I've redecorated. Currently, I occupy the living room of a one bedroom apartment--it's all I can afford on my under employed salary... I decided a physical change was required. So, I grabbed a friend, hopped in the car, bought an espresso americano and drove. For the sake of ambiguity, I'm going to omit the before photo and present the after:


Only the room divider, duvet cover, 1 cushion, and bed frame are new (this is the scaled back project version, believe it or not...). The bookshelf, TV stand, desk (executive!) and mattress are old. What I wanted was a definitive separation between my space and the common space, work and recreation, relaxation and stress--thus the wall simulating and barrier producing furniture. This was my birthday gift to myself.
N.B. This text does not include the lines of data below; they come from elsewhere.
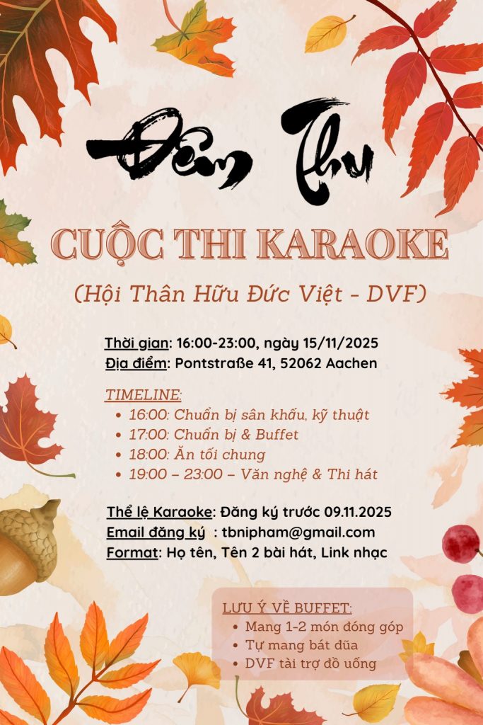 Trong tinh thần đó, mong các anh chị, các bạn, các cháu ghi tên sớm, hạn chót là ngày 09.11.2025 (BTC còn phải lên chương trình, BGK chuẩn bị…tinh thần…). Do thời gian có hạn, BTC chỉ nhận đăng ký tối đa là 16 người ghi tên sớm nhất. Mọi đăng ký (gồm họ tên người dự thi, tên 2 bài hát, tác giã và Link bài hát, dạng Karaoke hoặc là nhạc nền mp3 mà bạn muốn hát) và thắc mắc, xin gởi về chị Ni: tbnipham@gmail.com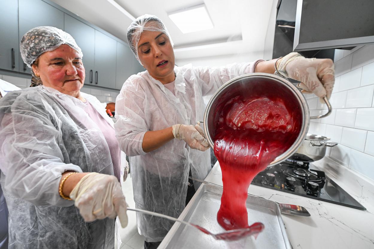Mersin Büyükşehir Belediyesi ‘Hamzabeyli Köyümüz Atölye Yerleşkesi’nde, coğrafi işaret tescilli Mersin Kan Portakalı ile geleneksel bir lezzet olan Türk lokumu buluşturuldu ve kadın emeği ile enfes bir tat sunuldu.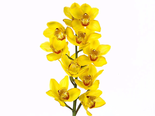Цимбидиум крупноцветковый "Fleurijn" – это вид орхидеи с крупными желтыми цветками, обладающими слабым ароматом. Диаметр цветка составляет от 12 до 13 см. Инфлоресценция представляет собой соцветие, состоящее из крупных цветков.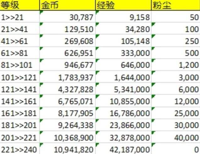 1级升到对应等级的资源总消耗量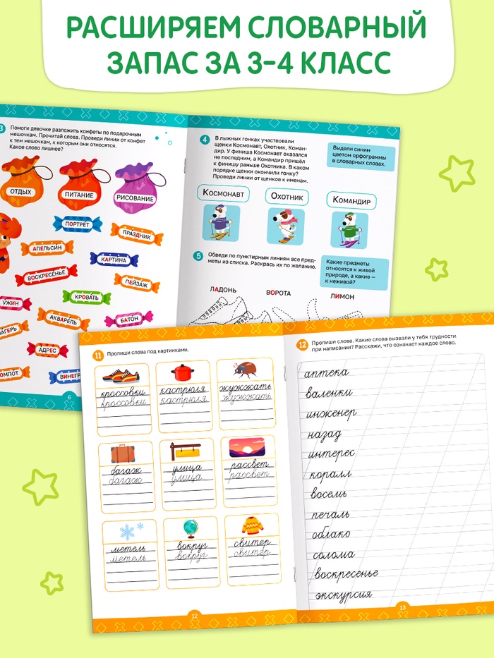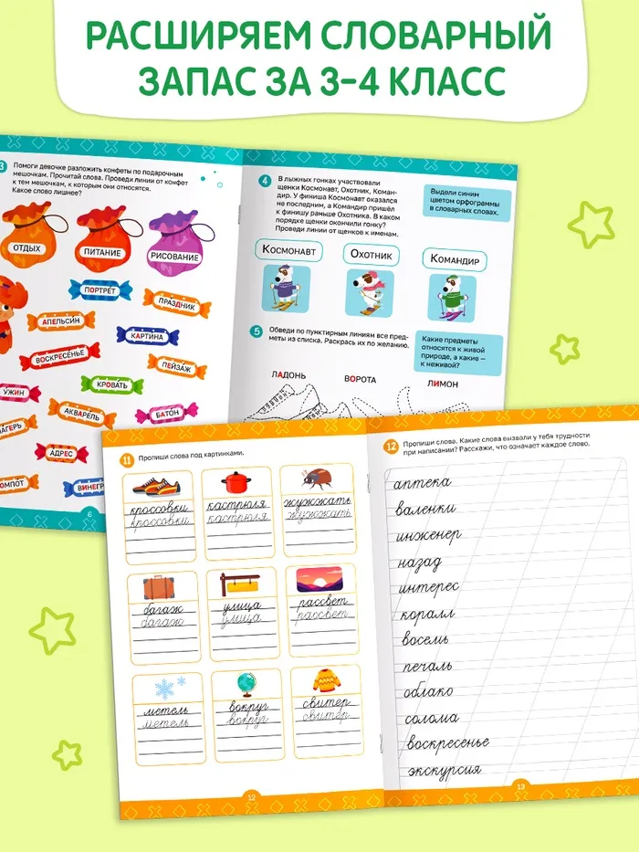 - Интересные упражнения и полезные лайфхаки облегчают запоминание словарных слов и улучшают навыки письма.

Respite in times of turbulence such as now.

The wound:

I am standing in a doorway leading to a yard full of green grass. Along the tall outer fence are closed gates. Any minute now, I'm supposed to push open any one of those countless doors and enter a new grassy yard, a new house, a new chapter of my life. And yet, I'm still standing in the doorway, staring out at my options--my future. It seems impossible to chose, impossible to wrap my head around the possibilities, impossible to will my cerebral membrane to produce any thoughts at all. My body is frozen in time.

December 1 is my first deadline for graduate school applications. Over the past month or so, my conscious and subconscious alike have been frantically trying to avoid making any relevant decisions, or even researching alternative programs for my further education. So much so that my partner has caught onto my scheme and isn't putting up with my bullsh*t anymore. Good for him. Next, he needs to teach me the ancient and elusive art of get 'er done. 

To date, my pursuits of graduate program research, selection, and overall future academic self discovery has been stopped and stalled by hopelessness, depression, exhaustion, fear, stress, distraction, and old fashion ornery attitude. It's time I hang up my listless jacket and put on my thinking cap. I'm applying to graduate school!!